Brussels dusts off a ready-made retaliation package
EU representatives from the bloc’s 27 member states began talks Sunday on how to respond if Trump proceeds with his tariff plan. The most immediate option is already built: the EU has approved retaliatory tariffs on €93 billion of US products, but suspended implementation. If Washington triggers new duties in early February, the EU can move to reintroduce the countermeasures.
The measures would target a mix of politically sensitive and high-value industrial items, including aircraft, US-made cars and bourbon, according to people familiar with the discussions.

Source: Bloomberg
Trump’s Greenland demand pulls allies into the tariff blast radius
Trump on Saturday threatened 10% tariffs from Feb. 1 on goods from Denmark, Norway, Sweden, France, Germany, the UK, the Netherlands and Finland, with the rate set to rise to 25% in June unless there is a deal tied to the “purchase of Greenland.” The threat followed those countries’ plans for limited NATO-related planning activity in Greenland, a semi-autonomous Danish territory.
European leaders struck a harder tone.

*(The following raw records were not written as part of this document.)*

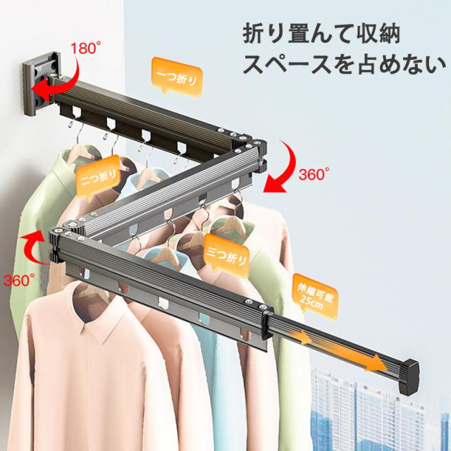 【省スペース】: 使わないときは折りたたんで収納でき、回転・伸縮可能で使いやすいし、屋内でスペースをとらない利点があります。
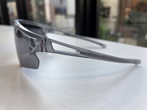 調光レンズ採用モデルです。調光レンズというのは、紫外線量によりレンズ色の濃さが変化するレンズで、レンズ交換をせずに時間帯、環境問わず広くお使いいただけるレンズです。カテゴリーは1から3。薄く色の付いた状態から、日中の強い日差しでは濃く変化し日差しに対応します。
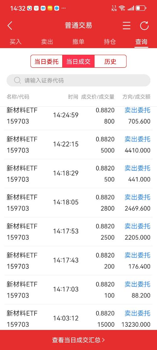 $新材料ETF(SZ159703)$出3万份,居然分九笔卖完。除了第一笔15000份外 都是几百份的散户在接盘。
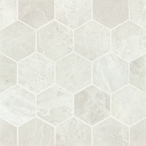 Caspian Bisque 3" Honed Marble Mesh Back Hexagon Mosaic
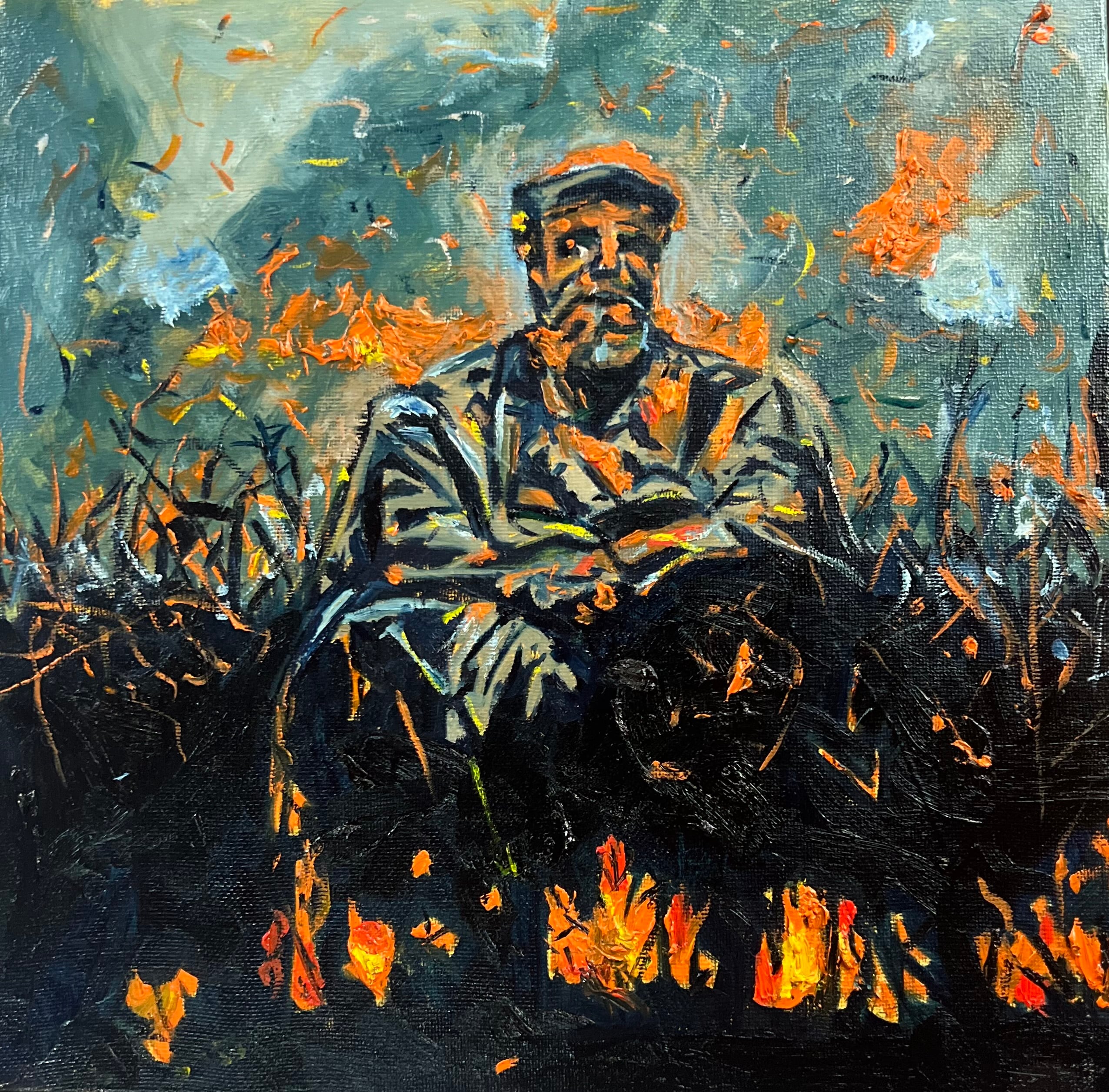 De igual modo, en estas obras el tiempo histórico (el pasado) y el tiempo actual confluyen bajo el dictamen de los mismos colores y las mismas sombras. El incendio es, hasta cierto punto, una ventana o puerta que ofrece miradas y encuentros con esos elementos del pasado que secretamente van unidos al alma. Debido a esto aparecen figuras de ancestros en completa armonía con las llamas del presente. Para ellos el fuego ha sido una invitación que el artista le ha hecho a que participen en el presente y escapen del olvido.

UK Prime Minister Keir Starmer called the comments “completely wrong,” Sweden’s Ulf Kristersson rejected what he described as blackmail, and France’s Emmanuel Macron labeled the threat “unacceptable,” while signaling support for a more forceful EU trade response.
The trade deal gets pulled into the line of fire
The EU’s most concrete near-term move is political rather than procedural: Brussels is preparing to halt approval of a trade deal agreed last July, which still requires ratification by the European Parliament. The European People’s Party, the largest parliamentary group, indicated it would join others in blocking the deal.
The agreement itself was controversial inside Europe, with critics arguing it leaned heavily toward Washington. Under its terms, the EU agreed to remove nearly all tariffs on US products, accepted 15% duties on most EU exports to the US, and absorbed 50% tariffs on steel and aluminum — a rate that has since been broadened to cover more downstream products containing those metals.
Anti-coercion instrument: the “big hammer” Brussels rarely touches
Beyond tariff retaliation, EU officials are weighing additional countermeasures — and Macron’s push to activate the anti-coercion instrument raises the stakes. The tool has never been used and was designed to deter or respond to attempts to pressure EU policy through trade restrictions.
In practice, it could open the door to steps beyond tariffs — including restrictions linked to market access, public procurement, investment limits, or other targeted measures. The message would be blunt: if the dispute is framed as coercion, the EU wants the option set to expand.
Markets may have to price a second tariff shock
The timing is awkward for investors. European equities have outperformed as money rotated into regional winners — from defense and miners to chip-equipment makers — supported by expectations of stronger German fiscal spending, lower rates and improving profits.
A fresh US-EU tariff spiral risks puncturing that optimism. Bloomberg Economics estimates that if Trump follows through with the full 25% threat, exports from the targeted countries to the US could drop by up to 50%, with Germany, Sweden and Denmark among the most exposed.
Washington’s message: leverage, not compromise
US Treasury Secretary Scott Bessent signaled little concern over European threats to freeze the trade deal, describing Trump’s approach as strategic leverage and arguing Europe ultimately depends on US security guarantees.
That framing collides directly with the EU’s current political need: to show solidarity with Denmark and the targeted member states — and to convince markets it has both the willingness and the tools to respond.
What happens next
EU leaders are set to meet in Brussels later this week, with diplomacy still positioned as the first line of defense. But the EU is simultaneously preparing a retaliation package designed to be switched on quickly — and debating whether Trump’s Greenland-linked tariff threat crosses the threshold from trade friction into outright coercion.